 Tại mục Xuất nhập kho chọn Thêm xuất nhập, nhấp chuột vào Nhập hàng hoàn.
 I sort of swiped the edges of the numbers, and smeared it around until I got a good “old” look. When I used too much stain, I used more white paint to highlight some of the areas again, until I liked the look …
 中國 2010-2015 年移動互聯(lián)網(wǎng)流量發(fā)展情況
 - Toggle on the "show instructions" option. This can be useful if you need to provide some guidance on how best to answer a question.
--
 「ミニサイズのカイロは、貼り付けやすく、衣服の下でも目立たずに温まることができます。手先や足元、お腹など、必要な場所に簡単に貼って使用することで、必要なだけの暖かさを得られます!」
---
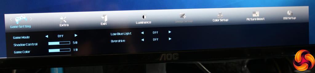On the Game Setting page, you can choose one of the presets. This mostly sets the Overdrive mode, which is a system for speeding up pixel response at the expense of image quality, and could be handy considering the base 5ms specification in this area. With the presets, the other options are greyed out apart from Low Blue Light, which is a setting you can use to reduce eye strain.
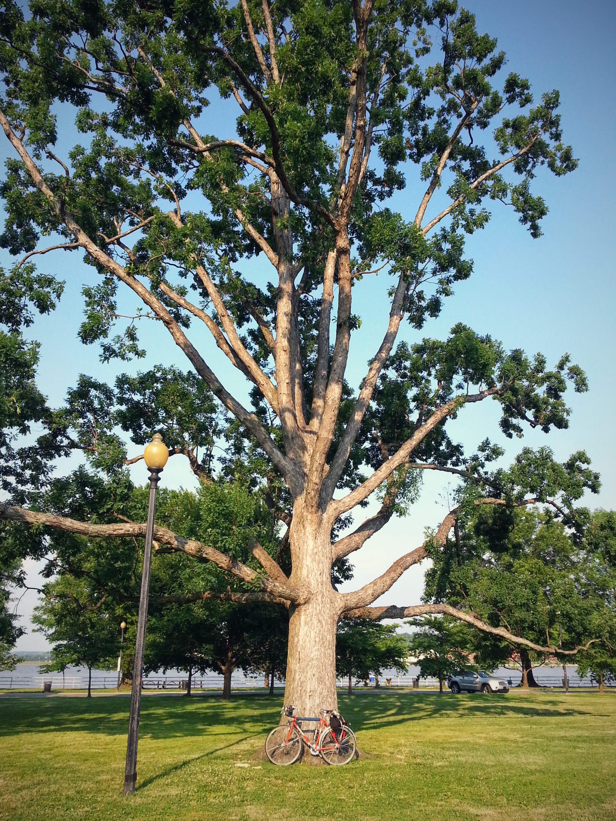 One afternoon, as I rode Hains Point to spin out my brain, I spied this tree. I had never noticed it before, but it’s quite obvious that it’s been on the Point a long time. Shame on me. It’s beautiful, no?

Instructions for the task -
What lines above contain the string "some"? Copy all of them.

Response box -
 I sort of swiped the edges of the numbers, and smeared it around until I got a good “old” look. When I used too much stain, I used more white paint to highlight some of the areas again, until I liked the look …
 - Toggle on the "show instructions" option. This can be useful if you need to provide some guidance on how best to answer a question.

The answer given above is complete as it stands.